• _Work required_
Once you find the line with "확장프로그램 설치가 완료되었어요." in the listing below, set down exactly every line from it through the line with "A Rs 5,000 monthly", but no pictures.

+ + + + + + +

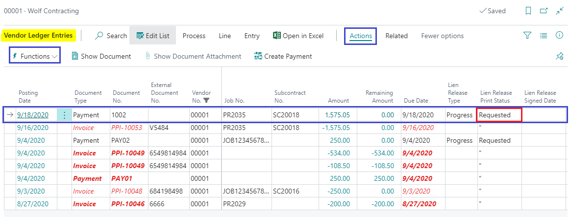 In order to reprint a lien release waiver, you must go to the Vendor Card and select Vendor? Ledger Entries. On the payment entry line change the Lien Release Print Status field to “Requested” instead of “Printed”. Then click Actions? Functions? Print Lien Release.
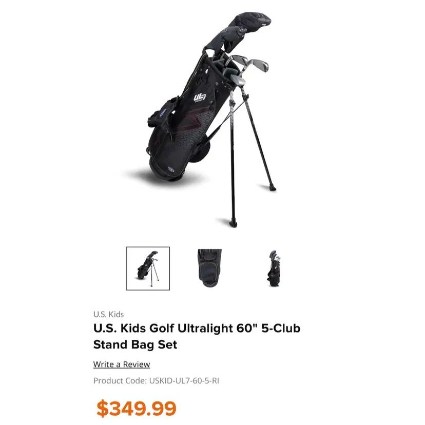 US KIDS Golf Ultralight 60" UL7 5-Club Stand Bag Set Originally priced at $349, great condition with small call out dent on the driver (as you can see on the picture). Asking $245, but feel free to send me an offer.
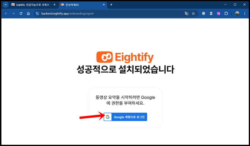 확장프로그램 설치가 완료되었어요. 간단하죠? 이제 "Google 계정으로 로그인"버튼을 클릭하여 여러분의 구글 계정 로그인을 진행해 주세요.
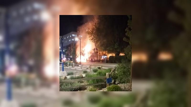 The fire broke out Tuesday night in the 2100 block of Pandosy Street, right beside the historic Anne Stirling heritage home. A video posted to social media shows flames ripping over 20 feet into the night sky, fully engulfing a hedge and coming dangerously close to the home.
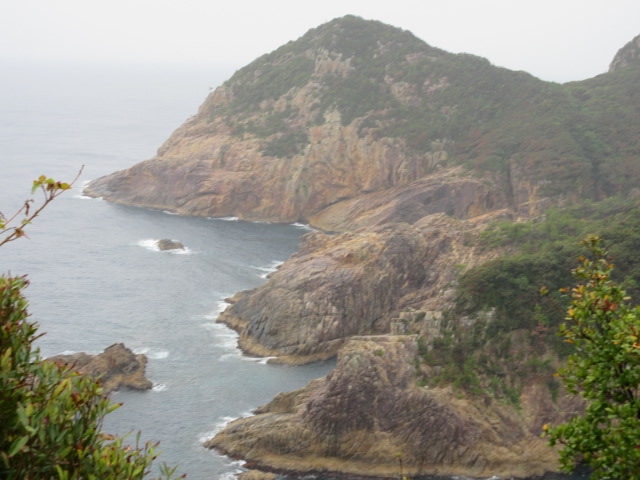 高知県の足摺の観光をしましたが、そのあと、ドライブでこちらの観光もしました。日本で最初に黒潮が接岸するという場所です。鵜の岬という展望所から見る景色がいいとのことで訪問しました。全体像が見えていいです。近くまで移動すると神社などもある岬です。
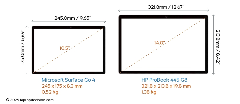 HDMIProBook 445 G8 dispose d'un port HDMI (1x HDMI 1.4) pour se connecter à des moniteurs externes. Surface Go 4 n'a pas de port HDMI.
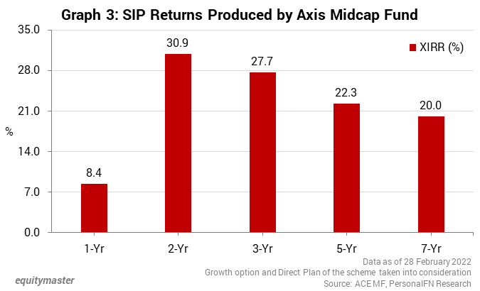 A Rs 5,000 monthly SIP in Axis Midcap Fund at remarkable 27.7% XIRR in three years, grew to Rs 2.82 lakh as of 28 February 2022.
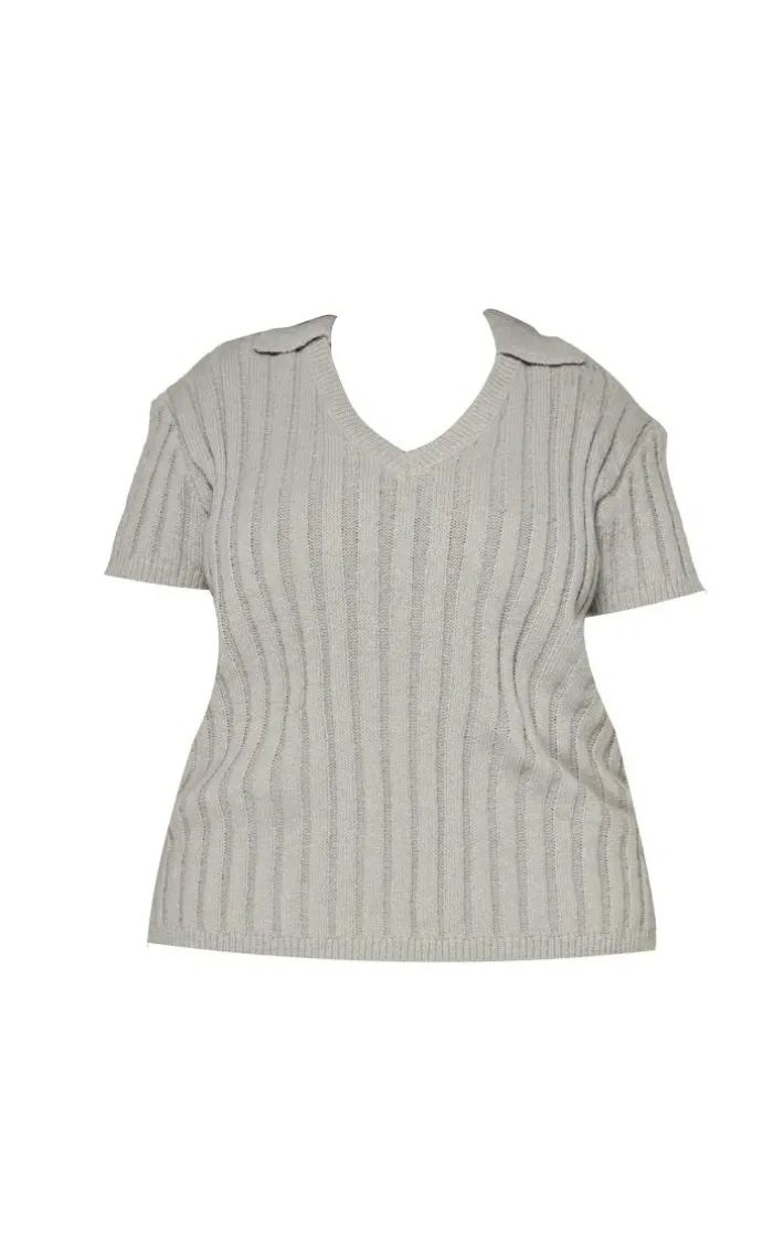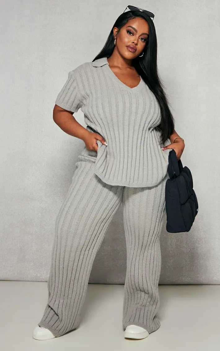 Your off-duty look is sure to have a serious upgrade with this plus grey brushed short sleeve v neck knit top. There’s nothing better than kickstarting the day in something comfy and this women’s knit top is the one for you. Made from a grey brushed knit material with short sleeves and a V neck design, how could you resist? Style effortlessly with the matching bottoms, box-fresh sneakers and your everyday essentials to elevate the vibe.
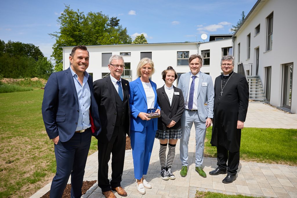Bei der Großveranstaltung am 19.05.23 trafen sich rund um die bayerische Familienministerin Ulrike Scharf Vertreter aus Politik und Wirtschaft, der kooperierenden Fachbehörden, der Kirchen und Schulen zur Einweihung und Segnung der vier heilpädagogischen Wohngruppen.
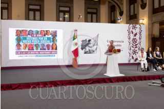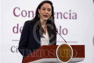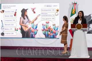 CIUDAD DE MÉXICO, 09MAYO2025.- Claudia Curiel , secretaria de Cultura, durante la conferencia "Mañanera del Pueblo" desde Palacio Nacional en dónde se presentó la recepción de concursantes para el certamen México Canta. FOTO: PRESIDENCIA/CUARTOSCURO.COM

+ + + + + + +

• _Solved problem_
 확장프로그램 설치가 완료되었어요. 간단하죠? 이제 "Google 계정으로 로그인"버튼을 클릭하여 여러분의 구글 계정 로그인을 진행해 주세요.
 The fire broke out Tuesday night in the 2100 block of Pandosy Street, right beside the historic Anne Stirling heritage home. A video posted to social media shows flames ripping over 20 feet into the night sky, fully engulfing a hedge and coming dangerously close to the home.
 高知県の足摺の観光をしましたが、そのあと、ドライブでこちらの観光もしました。日本で最初に黒潮が接岸するという場所です。鵜の岬という展望所から見る景色がいいとのことで訪問しました。全体像が見えていいです。近くまで移動すると神社などもある岬です。
 HDMIProBook 445 G8 dispose d'un port HDMI (1x HDMI 1.4) pour se connecter à des moniteurs externes. Surface Go 4 n'a pas de port HDMI.
 A Rs 5,000 monthly SIP in Axis Midcap Fund at remarkable 27.7% XIRR in three years, grew to Rs 2.82 lakh as of 28 February 2022.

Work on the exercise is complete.